No que se refere aos estudantes das IES, cujas condições econômicas são desfavoráveis, a assistência estudantil é uma das formas de assegurar-lhes a inclusão social. A moradia estudantil vinculada a uma instituição, por sua vez, além de fazer parte dessa assistência e garantir meios materiais para esse segmento da população estudantil, representa um sítio privilegiado para o desenvolvimento de ações que podem enriquecer a formação dos estudantes que ali vivem. Sendo assim, entende-se que é de responsabilidade institucional a adoção de medidas que potencializem tal experiência. Para isso, faz-se necessário o conhecimento detalhado de como funcionam esses espaços, que contribuições eles trazem para a formação geral do estudante, quais dificuldades são enfrentadas cotidianamente, quais estratégias os moradores utilizam para superá-las e que medidas institucionais devem ser tomadas no sentido de criar, nesses ambientes, condições compatíveis com as necessidades dos moradores na condição de estudantes em formação.

Acredita-se ainda que, ao trazer para o debate acadêmico, a realidade das moradias estudantis brasileiras e dos seus moradores, tenta-se contribuir para que a comunidade acadêmica e a população de uma maneira geral possam olhar para esses espaços e para os estudantes que ali vivem como parte importante do ambiente e comunidade acadêmica em geral, tendo como subsídio o conhecimento mais aprofundado sobre o tema.
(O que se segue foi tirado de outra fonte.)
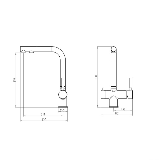 - Подача питьевой воды-через совмещенный излив.
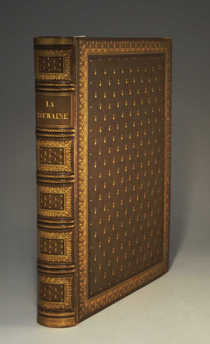 Grand in-folio, plein chagrin havane, large roulette d'encadrement à décor floral, cerné de 2 filets à froid, et de deux filets à chaud accompagnés d'un filet doré aux pointillés ; riche décor central composé de multiples losanges formés de filets à froid, ornés dans les intersections d'un fer à l'hermine poussé à chaud ; dos orné de caissons dans lesquels s'inscrit un décor similaire, de plus petit format. Double filet droit sur les coupes ; large roulette intérieure bordée de 3 filets droits. Toutes tranches dorées. Reliure du temps. (Quelques rousseurs presque inévitables sur les hors-texte ; salissure sur la carte d'Indre et Loire. Les serpentes n'ont pas été conservées.).
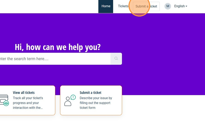 At the top of the page, you will see the Submit a ticket button. Click this to open the request form.
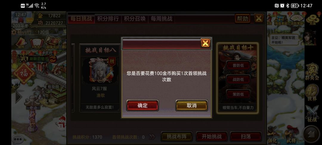 活动虽然没限制,但每日挑战开启要求主城等级120级。(以下所有概率都是个人感觉。)
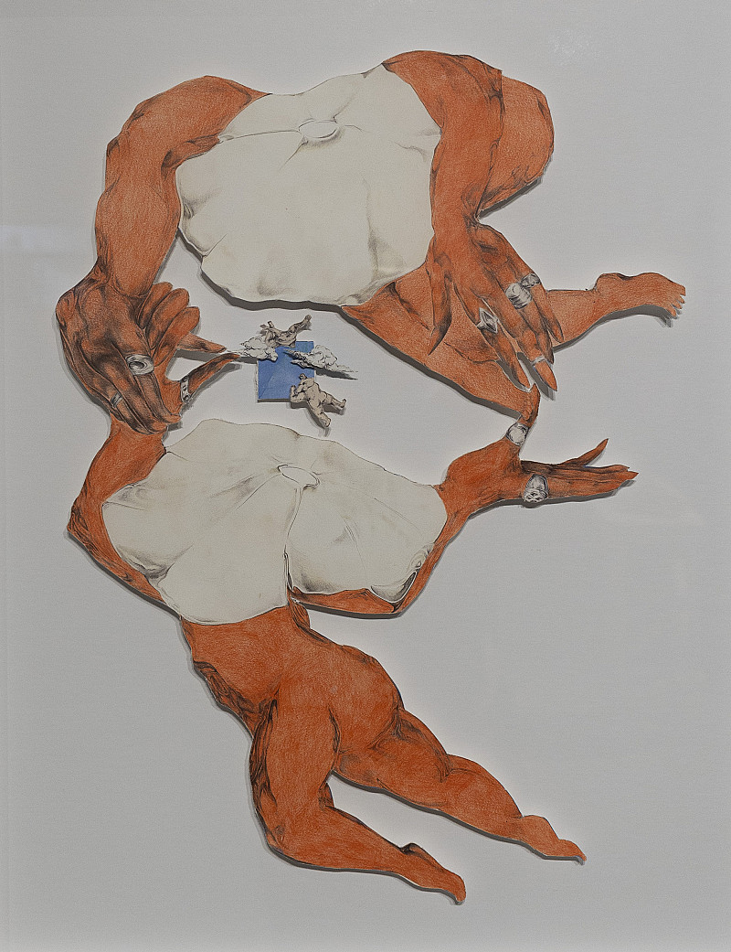 Opposite this suspended architecture is the terrain of the body. The figures, twisting and
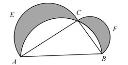 68. 如圖,在以AB為直徑的半圓上取一點(diǎn)C,分別以AC和BC為直徑在△ABC外作半圓AEC和BFC。當(dāng)C點(diǎn)在什么位置時(shí),圖中兩個(gè)彎月形(陰影部分)AEC和BFC的面積和最大?( )
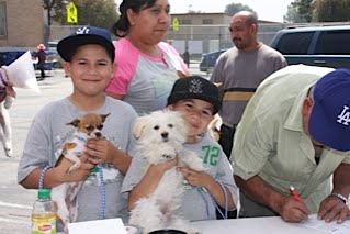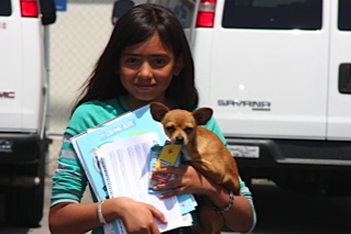 If the dogs didn’t show up, we had to go and get them, wake them up is what Dog Man said. He did just that. Volunteer Mike Parker and Dog Man took one of the banners that read, Rabies Clinic today 9-2:00, strapped it to Mike’s car and drove through Jordan Downs and Nickerson Gardens. Dog Man got out of the car and started knocking on doors, basically waking people up to get dog owners to come out with their dogs to the clinic. Back at the clinic, volunteers Keith and Olivia stood in the street, with the second banner stretched out, shouting out DOG CLINIC! to the passing cars.
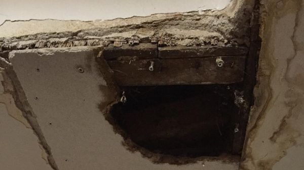 Un pannello del soffitto dell’istituto scolastico si è staccato nel corridoio dell’ultimo piano che permette l’accesso alle classi. Il foro nel tetto è tuttora presente e cadono continui detriti.
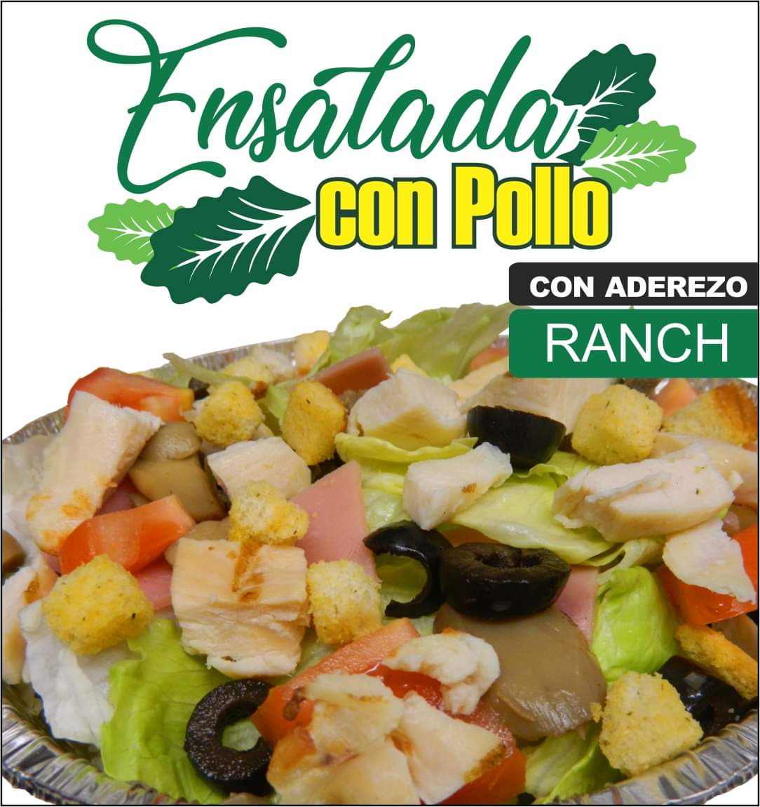 Lechuga fresca con jamón, pepperoncini, tomate fresco, aceituna negra, champiñones, croutones y pollo, acompañada con aderezo ranch.
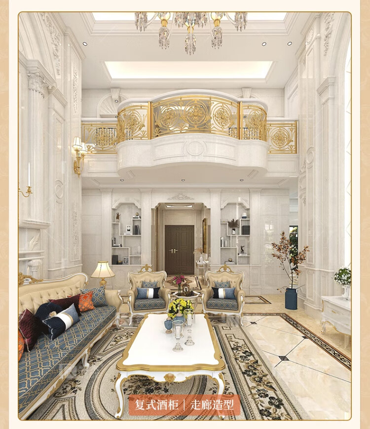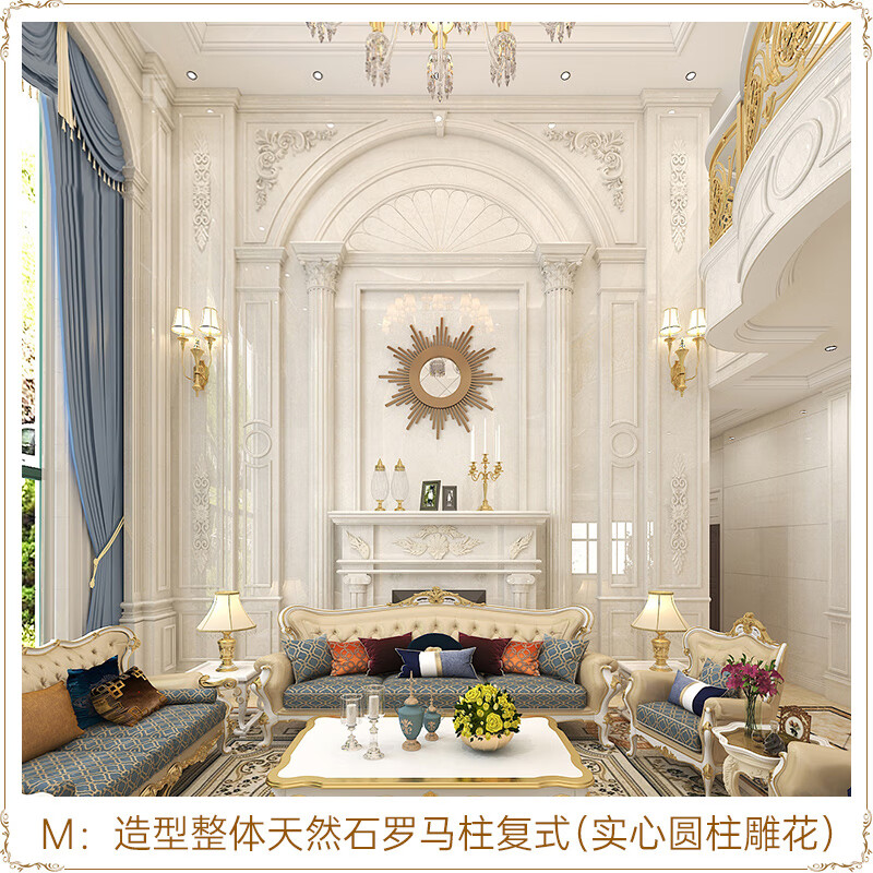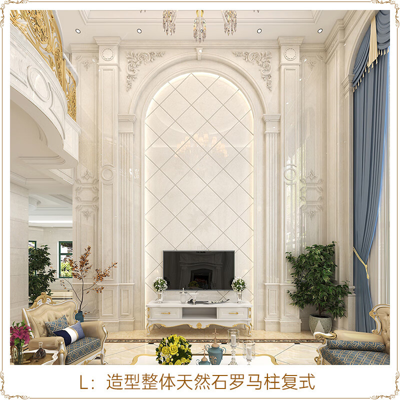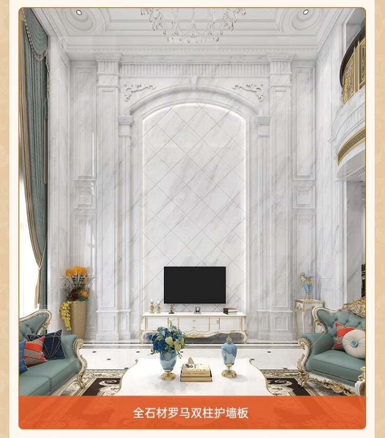 久久猫 复式楼罗马柱石材背景墙瓷砖装修欧式客厅护墙板中空别墅挑高大理石岩板影视墙大板挑空造型定制
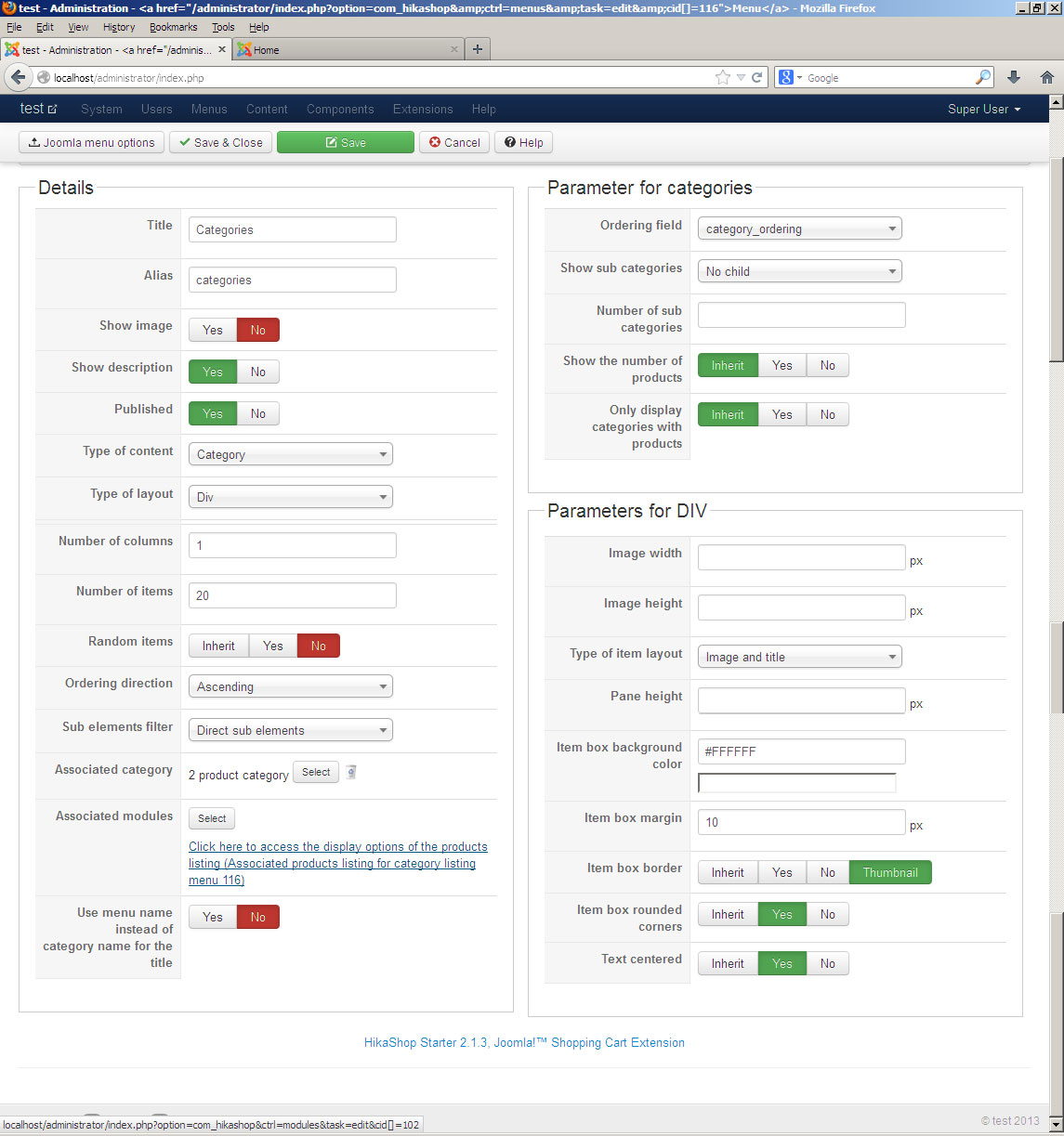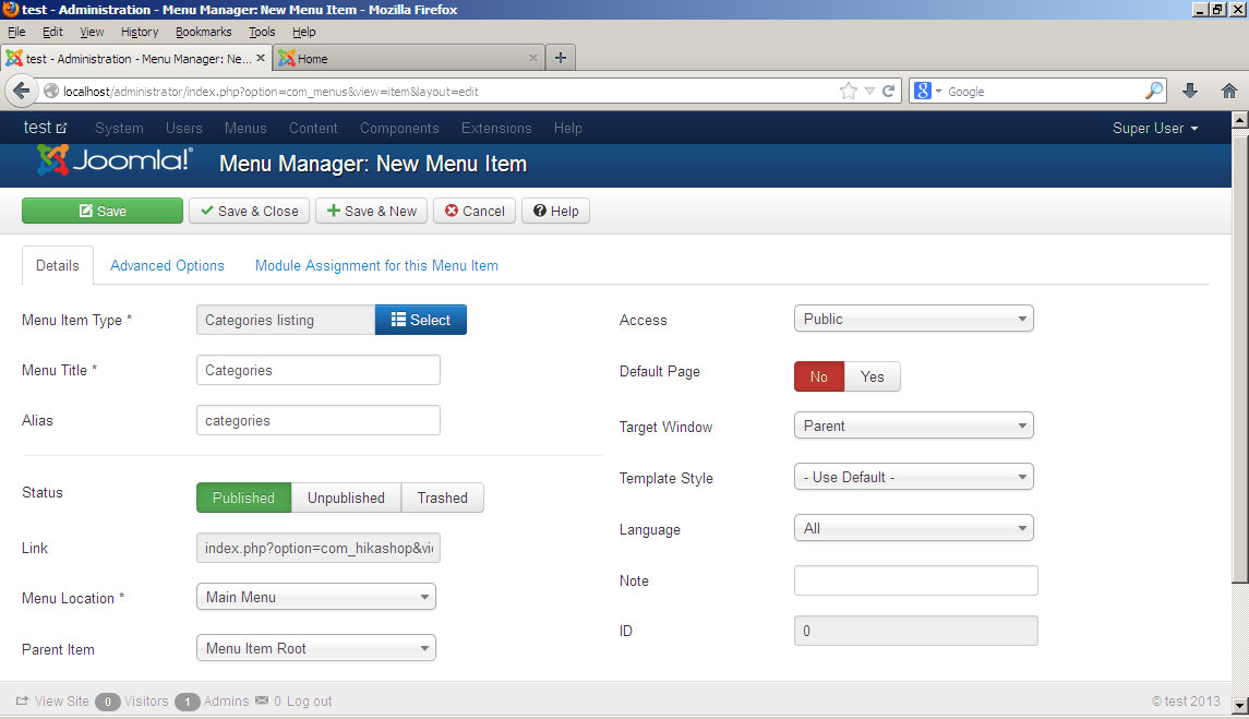 В третьих привязал модуль вывода списка категорий к меню.

Compreende- se que a visão estigmatizada das moradias estudantis no Brasil, trazida nos estudos aqui analisados, é resultado de distorções históricas, sobretudo ao se levar em conta o modo como a assistência social, de forma generalizada, tem sido tratada em nosso país: ações pontuais voltadas para populações mais vulneráveis, sob uma lógica de concessão, ao invés daquela do direito. Pelo fato de a moradia estudantil no Brasil estar sob a influência dessa concepção, deixam-se de perceber outras funcionalidades importantes desses espaços, como ocorre nos Estados Unidos desde o surgimento das suas primeiras IES.